Opinion
Video
Decoding Progressive Pulmonary Fibrosis
Panelists discuss how progressive pulmonary fibrosis (PPF) and idiopathic pulmonary fibrosis (IPF), though distinct in etiology, share a common trajectory of irreversible lung scarring and functional decline—highlighting the importance of recognizing progressive phenotypes across interstitial lung diseases to guide timely diagnosis, personalized treatment, and improved patient outcomes.
PPF and IPF are related but distinct clinical conditions characterized by irreversible lung scarring that worsens over time. IPF is a specific, well-defined form of fibrosing interstitial lung disease (ILD) with an unknown cause, typically seen in older adults. It presents with a usual interstitial pneumonia pattern on high-resolution CT and is known for its relentless progression, poor prognosis, and limited treatment options. IPF is generally diagnosed only after other known causes of fibrosis—such as autoimmune diseases or environmental exposures—have been ruled out.

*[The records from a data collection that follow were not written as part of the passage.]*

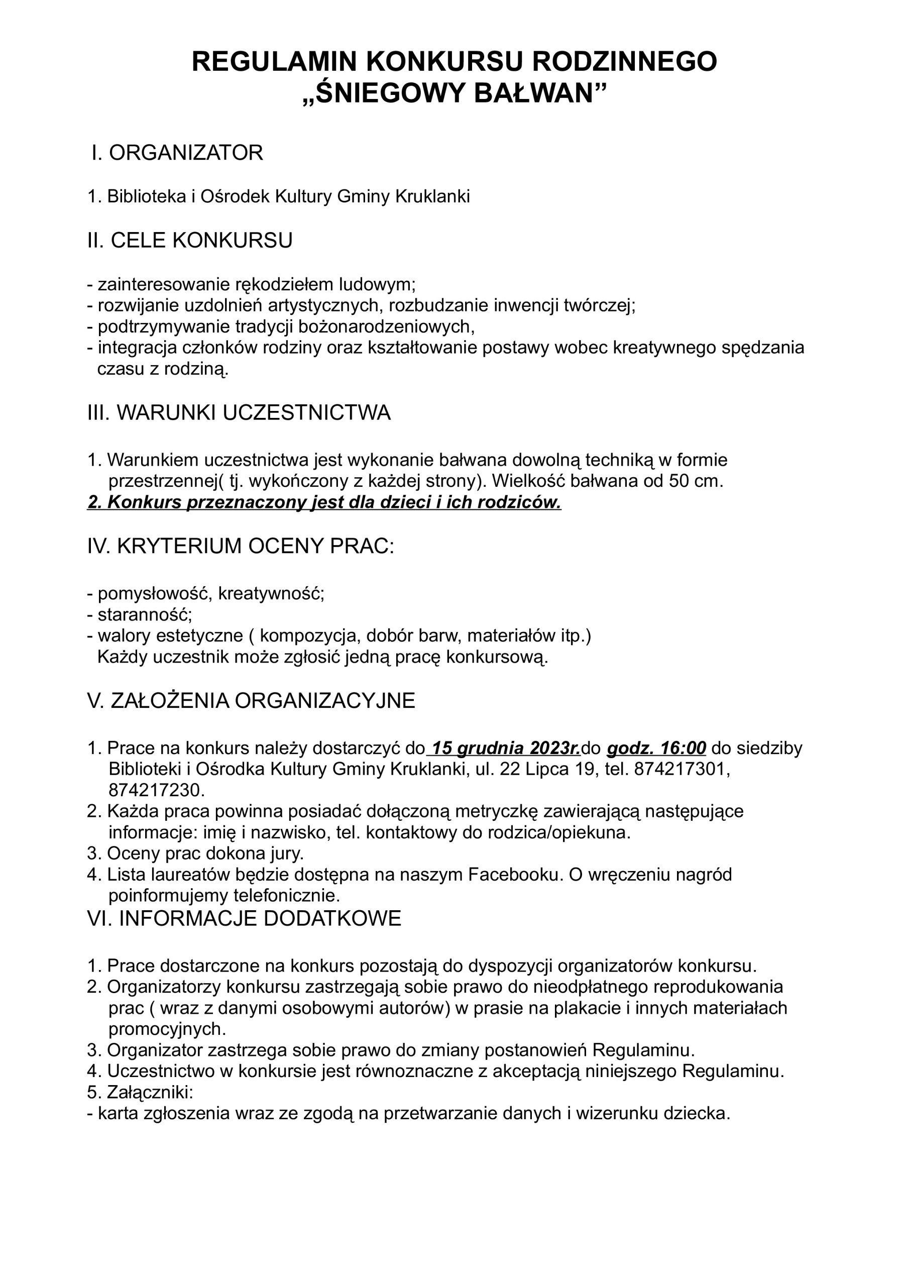 • OŚRODEK KULTURY: dyrektor@gokkruklanki.pl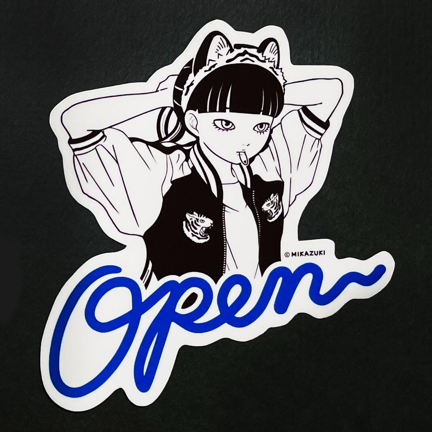 【数量限定】"虎尾茶房OPEN" ダイカット ステッカー ブルー MIKAZUKI / ミカヅキ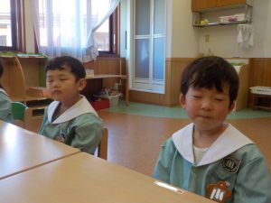 朝の集いで行う「おねむり」も上手になりました!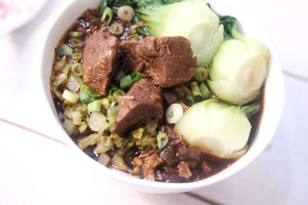 Layer noodles, beef, bok choy in a bowl. Pour hot broth over top. Garnish with scallions, cilantro, pickled mustard greens, and chili oil.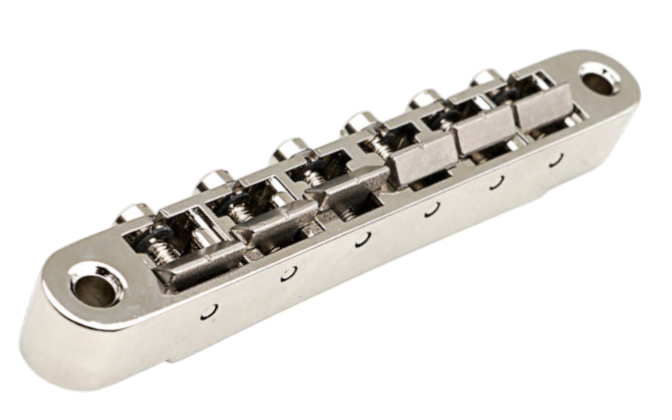 Perhaps the most vintage correct replacement bridge available on the market today! No rattle-causing retainer wire! Flat top saddles provide tight, 100% mechanical contact in the ABR frame. Available in various frame and saddle finishes. Saddles have starter notches dead center. Use this ABRH model bridge on your Gibson Historic or any guitar using ABR-1 sized (6-32) bridge posts, including most original "tune-o-matic" equipped Gibson guitars prior to the introduction of the Nashville bridge. No modifications and nothing else needed! A direct "drop on" replacement! Removable saddles - replace a worn saddle, or turn a saddle around for more accurate intonation. Nickel plated with Titanium saddles.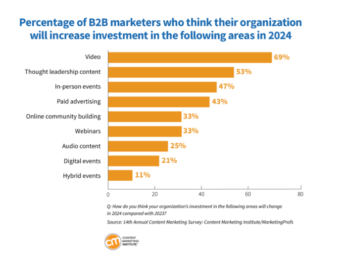 45% of B2B marketers said they expected their content marketing budget to increase in 2024. Video, thought leadership content and in-person events are the top areas of investment. (CMI)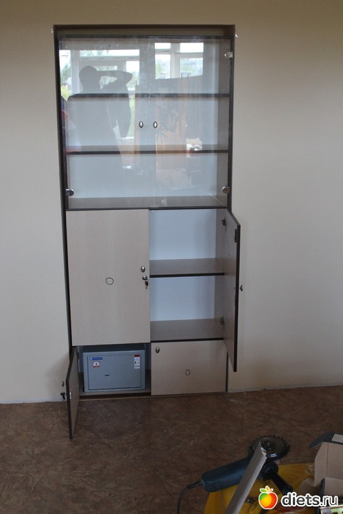 В результате привезли сервант, все хорошо, но мы еще с мужем сутки приводили сервант в порядок - убирали ножки (зачем они их ставят?), врезали сейф, отмывали спирторастворимый маркер с мебели (нет бы водорастворимым воспользоваться) и т.д. и вот он результат.

In contrast, PPF is an umbrella term used to describe a progressive fibrosing phenotype that can occur in a variety of ILDs, including connective tissue disease-associated ILD, chronic hypersensitivity pneumonitis, and fibrotic nonspecific interstitial pneumonia. While these conditions may have different etiologies and early disease characteristics, a subset of patients with these ILDs develops a fibrotic pattern that mimics IPF in its clinical behavior—worsening symptoms, declining lung function, and increasing radiographic fibrosis. Importantly, the term PPF helps unify the approach to managing patients who show evidence of disease progression, regardless of the underlying diagnosis.

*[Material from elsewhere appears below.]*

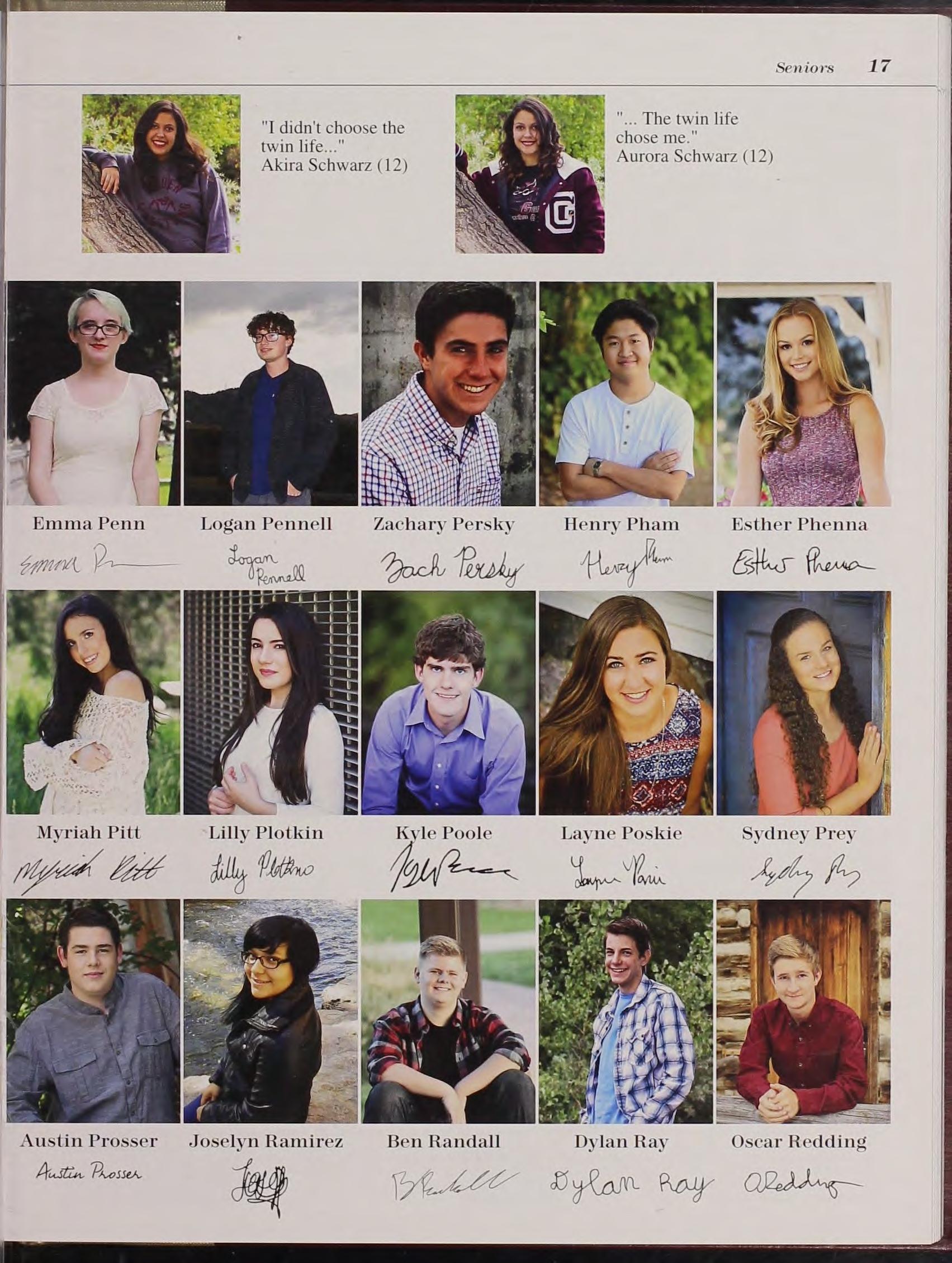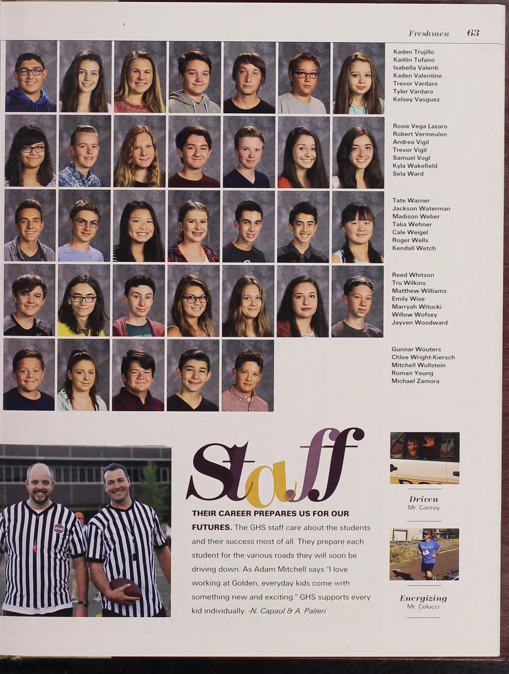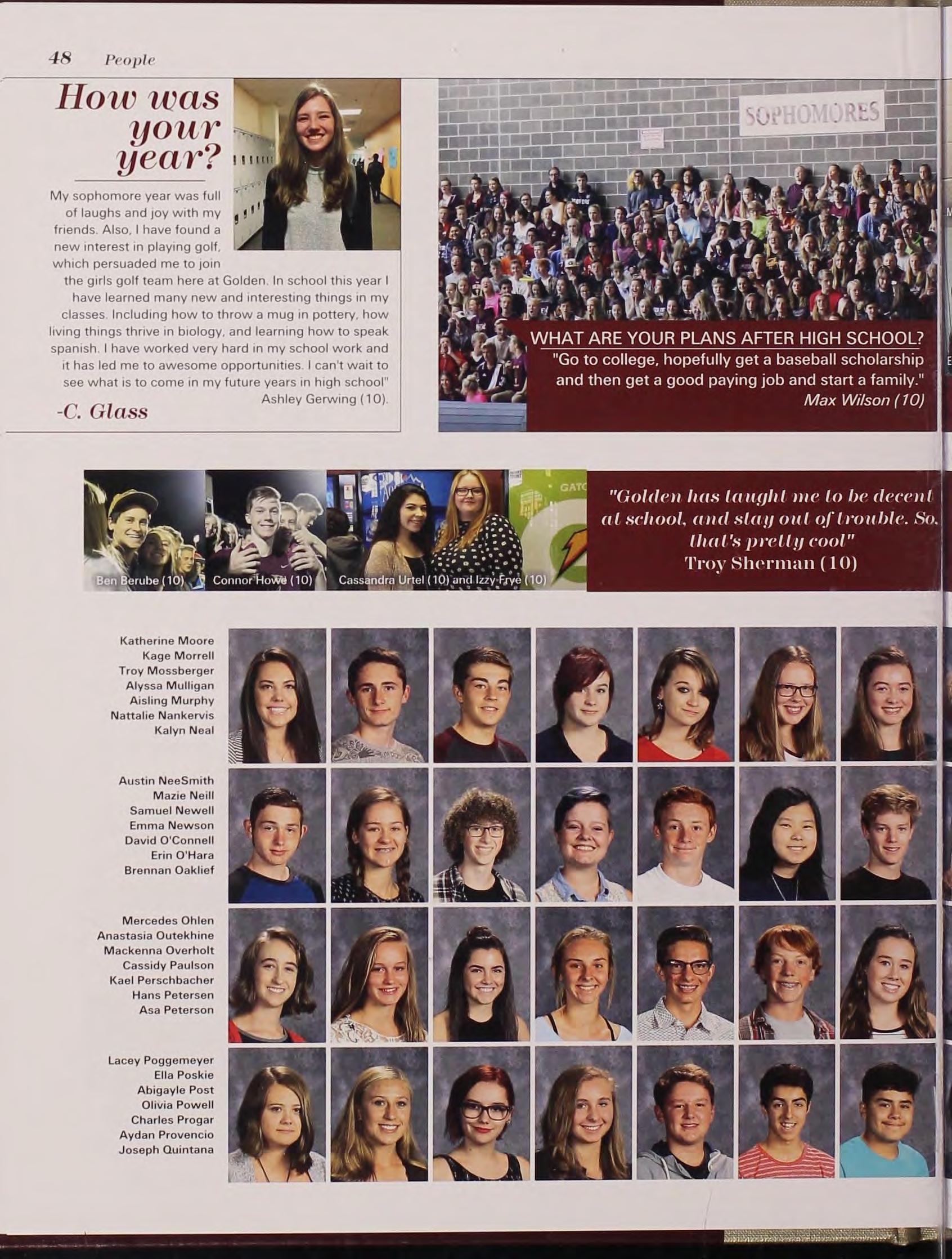 The c la ss of 201 7. M os t have b ee n her e at Golden f or f ou r years a nd have allowed the h a ll owed h a ll s to c h a ng e an d evolve them. Ea c h o f these st udents ha s st oo d the test of time and high sc hool. Th ey co ntinu e now into th e world as fre s h-faced and eager as ever.

Pathophysiologically, both IPF and PPF involve dysregulated wound healing and persistent fibroblast activity, leading to excessive collagen deposition and architectural distortion of the lungs. However, inflammation plays a more prominent early role in some forms of PPF, depending on the underlying cause. From a clinical standpoint, distinguishing between IPF and PPF is crucial because it guides treatment decisions. While antifibrotic therapies like nintedanib may be effective in both conditions, patients with PPF may also benefit from immunosuppressive agents if there is a significant inflammatory component. Recognizing the progressive phenotype across different ILDs is key to improving outcomes through earlier diagnosis and personalized treatment strategies.